The most significant finding was a molecular explanation for the observed clinical resistance of E. bieneusi to benzimidazoles. The E. bieneusi β-tubulin has only five of the six amino acids that have been reported to be associated with benzimidazole activity (His6, Phe167, Glu198, Phe200 or Arg241; numbering based on the S. cerevisiae sequence, Fig. 1) (Jung, Wilder, and Oakley 1992; Ohrbach, Porro, and Yanofsky 1986; Thomas, Neff, and Botstein 1985). The one residue difference occurred at position 198 in which glutamine was substituted for glutamic acid.

Organisms resistant to benzimidazole lack one or both of Glu198 or Phe200. Both E. bieneusi and Entamoeba histolytica have changes at Glu198, and both are relatively resistant to albendazole. Cryptosporidium parvum and Acanthamoeba polyphaga have changes at both Glu198 and Phe200, and both are resistant to benzimidazole. The helminths, fungi, and humans have changes at Phe200, which confer resistance to benzimidazole (Katiyar et al. 1994; Kwa, Veenstra, and Roos 1994). With respect to Ala165, the β-tubulins of the Encephalitozoonidae have five of the six residues, but with Ala165 changed to a Cys165. Yet, they are highly sensitive to albendazole (Cruz, Bartlett, and Edlind 1994; Katiyar et al. 1994). This residue is also a cysteine in Giardia lamblia (Kirk-Mason, Turner, and Chakrabory 1988) and Cryptococcus neoformans (Li et al. 1996), which are also sensitive to albendazole. Contrary to this, Ala165 is replaced by a glycine in thiabendazole-resistant strains of Aspergillus nidulans. Of these six amino acids, His6 and Arg241, are not highly predictive of benzimidazole sensitivity because these two residues are conserved in both benzimidazole-resistant and benzimidazole-sensitive organisms. Phe167 is also not highly predictive of benzimidazole sensitivity because the Trichomonas vaginalis β-tubulins have tyrosine instead of phenylalanine at this position (Katiyar and Edlind 1997), yet the organism is sensitive to the benzimidazoles. Overall, the data for these six amino acids show that substitutions of either Glu198 or Phe200 are highly associated with benzimidazole sensitivity, and changes of one or both of these amino acids results in resistance to benzimidazole. The E. bieneusi β-tubulin data are consistent with these observations.
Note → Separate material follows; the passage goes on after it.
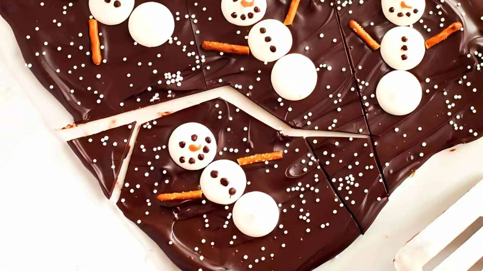 This snowman bark is a crowd-pleaser made with pantry staples in less than an hour! The playful snowman decorations make these cute and easy Christmas treats perfect for gifting or party platters. Plus, theyโre a blast to decorate with family and friends.

The microsporidia have been placed within the fungal clade based on phylogenetic analyses of the α- and β-tubulin genes (Edlind et al. 1996; Keeling and Doolittle 1996), sequencing of the E. cuniculi genome (Katinka et al. 2001; Vivares et al. 2002), the existence of relic mitochondrial genes in the nuclear genome, and the presence of mitosomes and Golgi-like membranes. In addition, morphological and life cycle data are consistent with their placement within the fungal clade (reviewed in Germot, Philippe, and Le Guyander 1997; Keeling and Doolittle 1996). We attempted to align the E. bieneusi β-tubulin to 67 other β-tubulin sequences representative of the major eukaryotic groups, and then use maximum likelihood methods (TREE-PUZZLE 5.2 and PHYML; Guindon and Gascuel 2003; Schmidt et al. 2002) to determine the phylogenetic position of E. bieneusi. Unfortunately, the E. bieneusi β-tubulin sequence was found to be highly divergent and its position within the tree was not well resolved (data not shown).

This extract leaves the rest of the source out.